Pezzi (3), for chamber orchestra (after G. Frescobaldi)
- La Basadonna, for chamber orchestra (after G. Legrenzi) (03:20)
- Chemins V on Sequenza XI, for guitar & chamber orchestra (20:42)
- Canzone a tre cori, for chamber orchestra (after G. Gabrieli) (05:20)
Le Sinfonie, for chamber orchestra (after T.L. Viadana)
Palestrina-Konzert, for chamber orchestra (after U.W. van Wassenaer)

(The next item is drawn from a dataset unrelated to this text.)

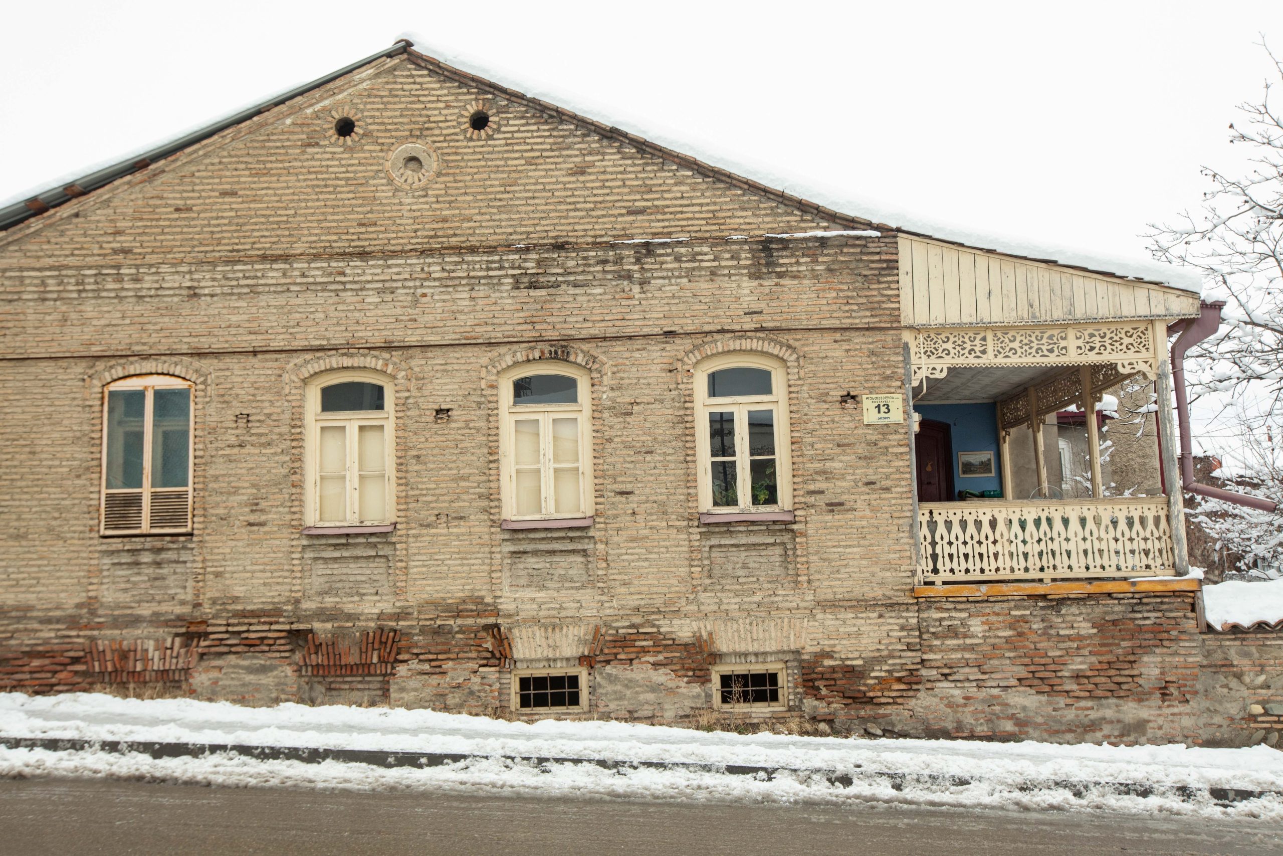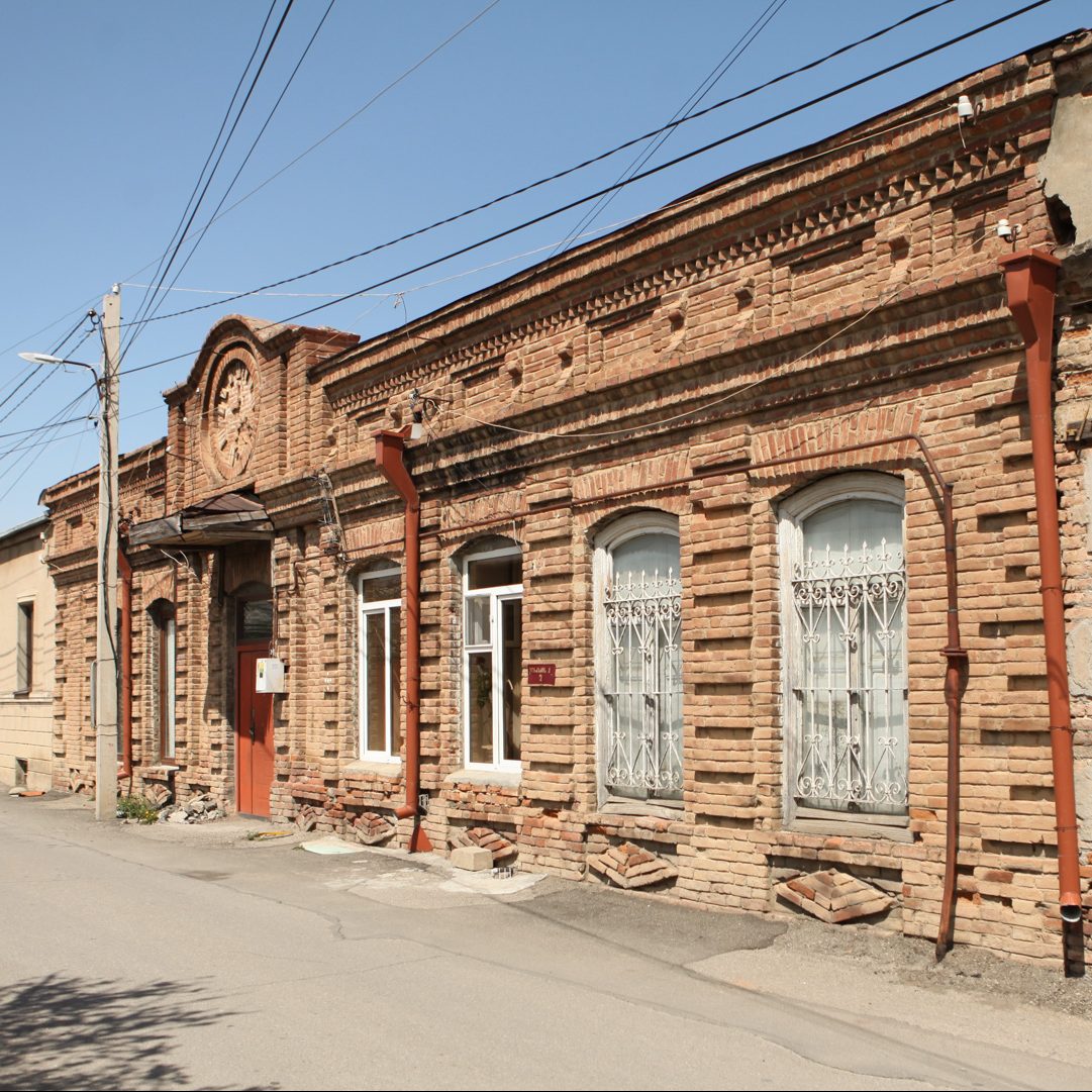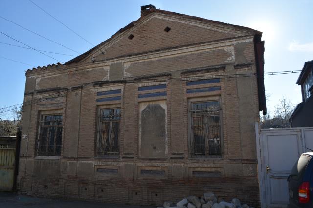 ქვის დაბალ ცოკოლზე მდგარი, სიგრძივ ღერძზე წაგრძელებული შეულესავი აგურის ერთსართულიანი შენობა ქუჩის საერთო განაშენიანებაში საკმაოდ..

It is not only today that there are affinities between contemporary music and early music; Stravinsky famously cultivated the connection, and conductor and 12-tone composer Bruno Maderna was a student of Gian Francesco Malipiero, who pioneered the early music movement in Italy. It is quite novel today to hear early music through the ears of someone aware of the musical past but unacquainted with the idea of historical performance. Most of Now, and Then consists of transcriptions of early works by Maderna, and they are unusual, both in the selection and in the procedure. Maderna includes works not only by Girolamo Frescobaldi and Giovanni Gabrieli, but also by the lesser-known Giovanni Legrenzi and Ludovico Viadana, and even the totally unknown Dutch official/composer Unico Wilhelm van Wassenaer, some of whose music was once attributed to Pergolesi (and was recycled in Stravinsky's "Pulcinella"). As will be seen, these works, all nominally from the Baroque, range over 150 years and include polyphony, dances, and concerted pieces from the later Baroque. Maderna is not concerned in the least with authenticity and embroiders the music freely, but neither is his stance Romantic: he uses a variety of techniques to delineate the structures of the pieces in unexpected ways. The overall effect is that you hear something ineffably modern even though it's rooted in the past; although Maderna does not depart from his models as Stravinsky does, the experience of hearing these pieces is similar. The switch to Berio's completely modernist "Chemins V," a transcription of "Sequenza XI for guitar," is jarring although the presenters justify it by saying that it, like the Maderna works, is a transcription. This release, beautifully played by the Orchestra della Svizzera Italiana under Dennis Russell Davies, offers something of a byway of 20th century music, but it's of considerable interest to those concerned with the first stages of the early music movement.